The flowering trees that symbolize friendship between the United States and Japan are blooming for the 99th time in Washington in the wake of one of the world's worst natural disasters.
Before the two-week National Cherry Blossom Festival opens Saturday, organizers will hold a fundraising walk and vigil Thursday evening among the trees for victims of Japan's March 11 earthquake and tsunami. An estimated 18,000 people have been killed in the disaster.
"It's important that we're taking time to reflect," said festival director Diana Mayhew. The celebration is a symbol of spring each year and now of the rebirth and rebuilding for Japan, she said.
"Our relationship with Japan is at the heart," she said.

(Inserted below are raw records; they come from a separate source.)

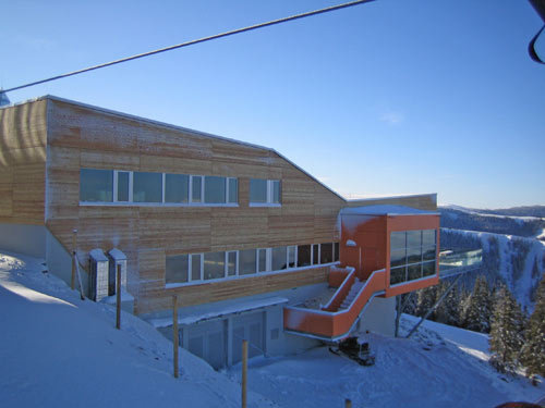 Die Gebäude der Tal- und Bergstation stehen in Konstruktion und Materialität im Kontext. Erdberührende Bauteile wurden in Stahlbeton, auskragende und darüber liegende Baukörper in Stahl- und Holzmischbauweise (Fertigteilelemente) errichtet. Die Fassadenverkleidung der Talstation besteht aus Trapezblech, in der Bergstation kommen Lärchen-Holzbauplatten zum Einsatz.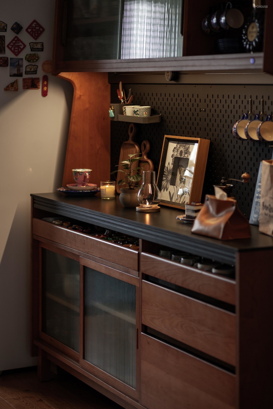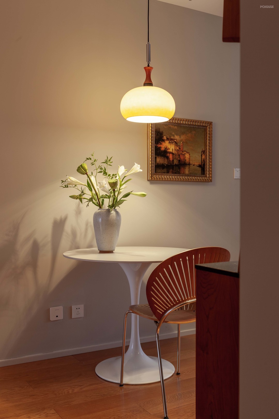 松鼠餐边柜里,埋藏了业主世界各地搜集来的宝藏——各具特色的杯子、咖啡、美酒等等;威尼斯水乡的油画、沙里宁设计的郁金香餐桌、偏中古风的灯具相互辉映。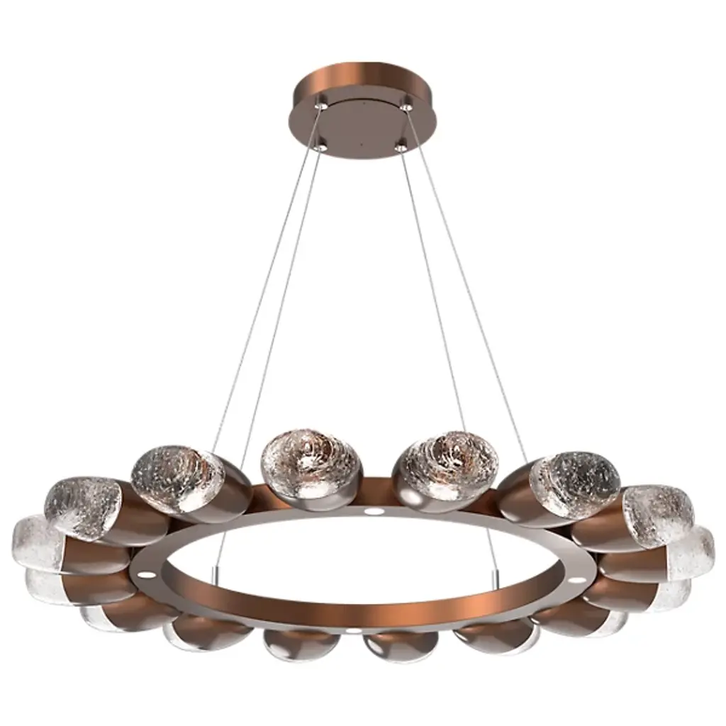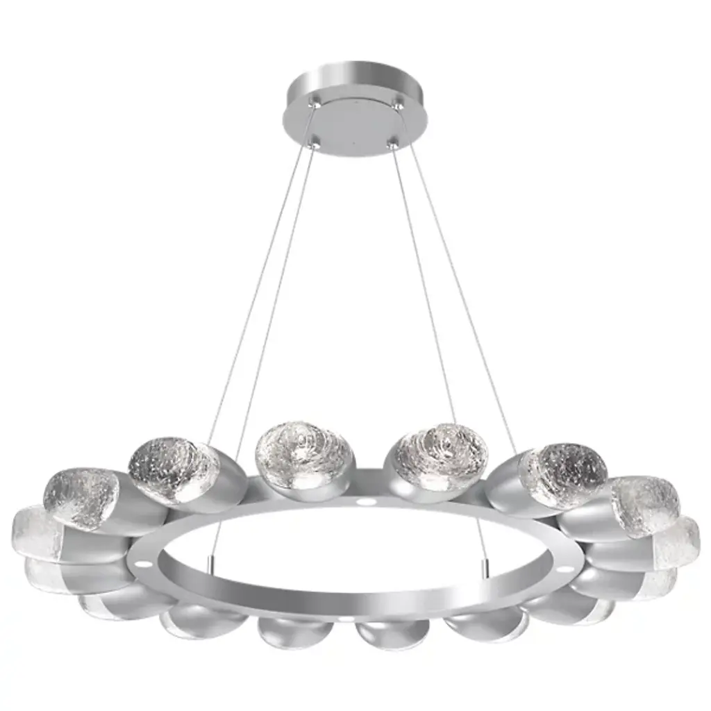 Hammerton Studio presents the Pebble LED Ring Chandelier. It's a versatile ceiling fixture suitable for contemporary and modern spaces. This simple yet elegant chandelier design has juxtaposed beautifully finished precision-machined metalwork with softly illuminated rondelles of artisan cast glass. The glass housings can be positioned at preset angles to create dynamic, spacious light quality.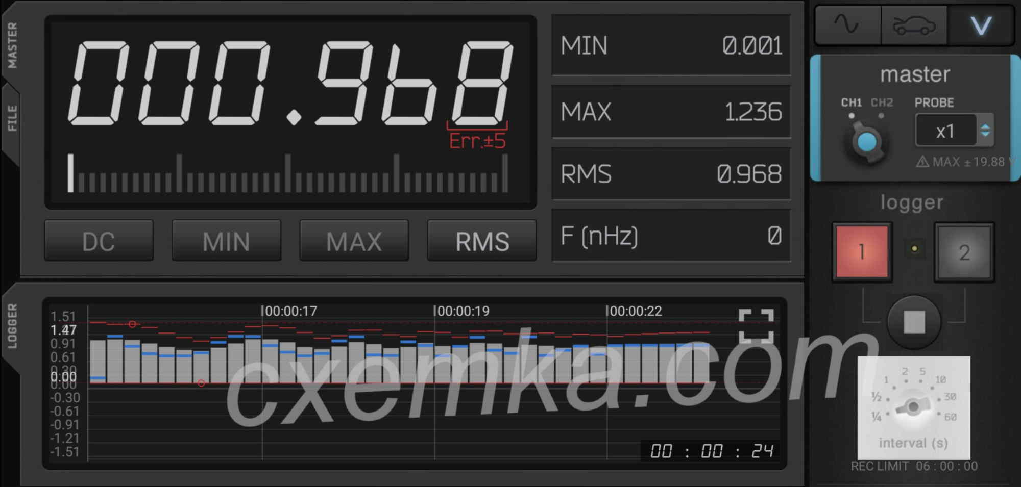 Ещё здесь есть возможность длительной регистрации значений напряжения (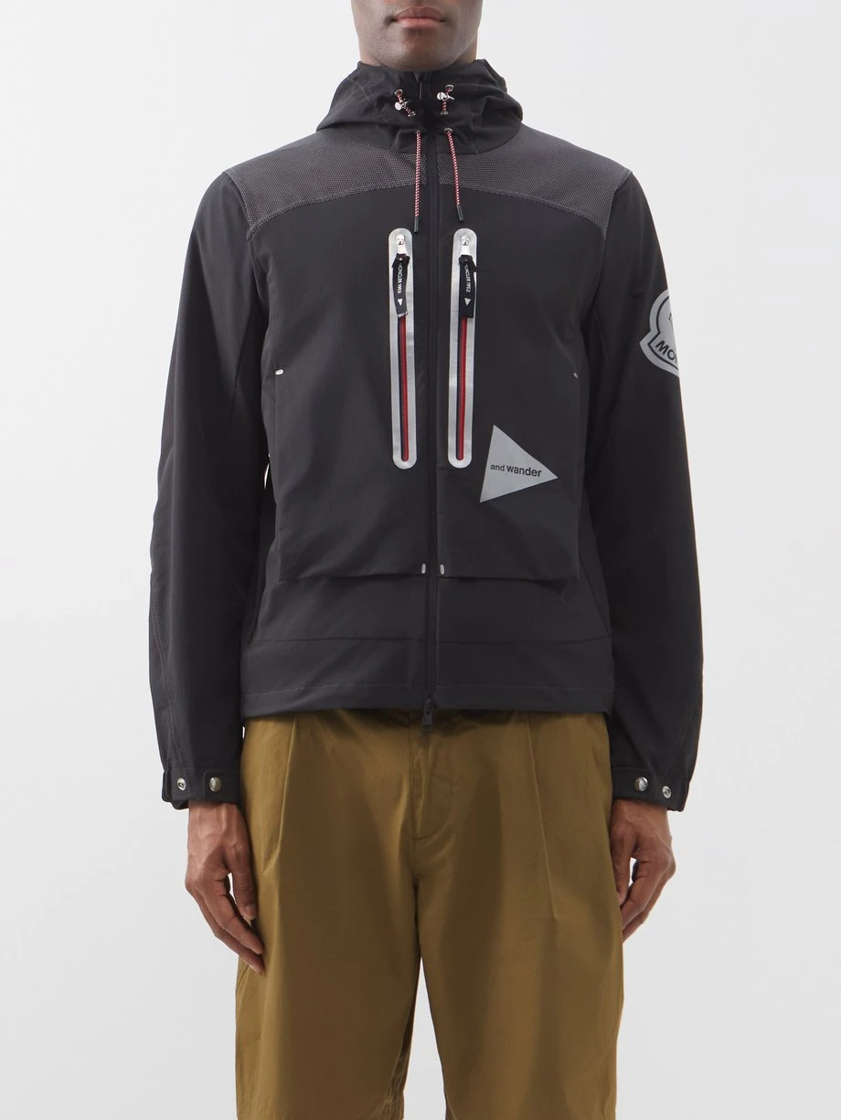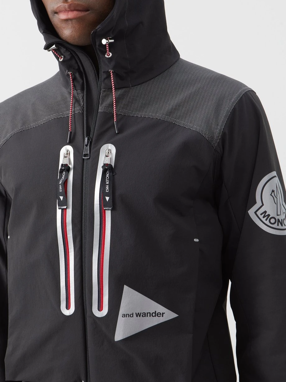 Made in collaboration with Japanese label And Wander, 2 Moncler 1952’s black Itabashi waterproof hooded jacket is accented by secure zipped pockets and reflective logo motifs.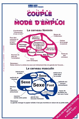 Pourquoi les femmes pensent-elles à voix haute ? Pourquoi les hommes veulent du sexe et les femmes du romantisme ? Vous aurez la réponse en venant découvrir cette comédie sur les petits travers du couple avec ses situations drôles et amusantes ! ...pour enfin comprendre le langage de l'autre.
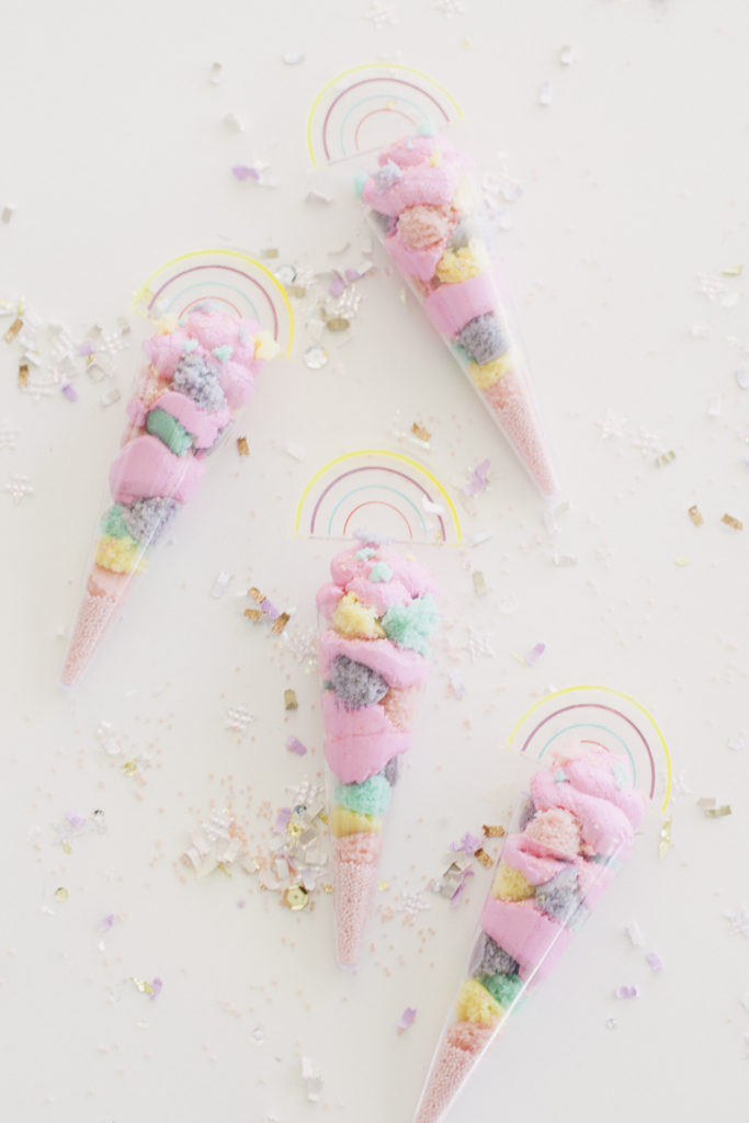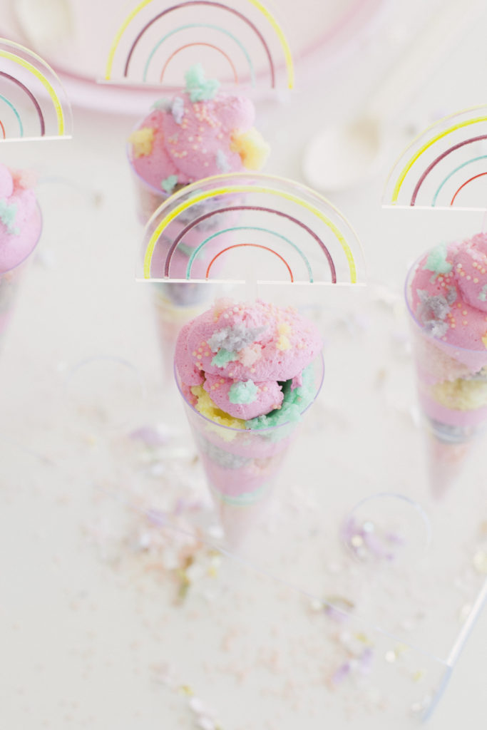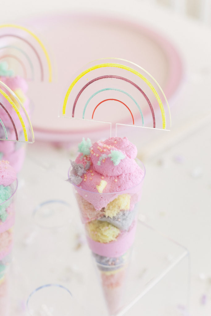 Make the pancake mix according to the package. I followed the smallest batch for each color. After you mix the batter, add the food coloring. I used pink, yellow, blue, and purple. Set the oven to 350 and grease your 6-inch cake pans. Pour the batter into each cake pan—Cook for 15-17 minutes. Take out of the oven and cool on a cooling rack. Using your watermelon baller, create little circles. If you don’t have one, you can create rustic looks by using your hands and tearing small pieces. I prefer the rustic look over the “ball” look, but totally up to you!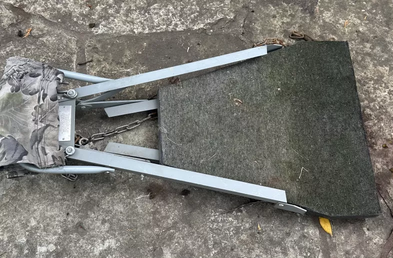 Vintage lightweight lock on treestand , great shape except seat fabric a bit worn. 4 muddy pro climbing sticks with amsteel rope with bungee ends and 3 sticks have amsteel aiders

The tradition began with a gift of trees from Japan in 1912. Then-first lady Helen Taft and the wife of Japan's ambassador planted the first two trees. About 100 of the original 3,000 trees are still growing, while thousands of others have been replaced or grown from the original trees' genetic line.
During World War II, the festival was suspended. Some trees were vandalized in those years, according to National Park Service records. After the war, the festival grew as Japan rebuilt and a Washington group was formed to stage the festival each year.
The festival draws about 1 million visitors and has become big business for Washington's tourism industry. Nearly half the visitors travel from out of town, according to the city's tourism bureau. A study of last year's festival shows it generated about $126 million in hotel stays and other revenue.
The Stand with Japan vigil begins at 6:30 p.m. Thursday on the Washington Monument grounds. Money raised will go to American Red Cross relief efforts. Festival sponsors Safeway and Macy's each announced $100,000 donations to the fund Wednesday.
Many of Washington's 3,000 Yoshino cherry trees that circle the Tidal Basin near the Jefferson Memorial were beginning to bloom Thursday morning. The National Park Service has predicted they'll be in peak bloom next Tuesday through Friday.
"Nothing is in full bloom yet," said Park Service spokesman Bill Line, who noted that cold overnight temperatures in recent days would preserve the flowers longer — unless any storms bring strong winds that can blow them away.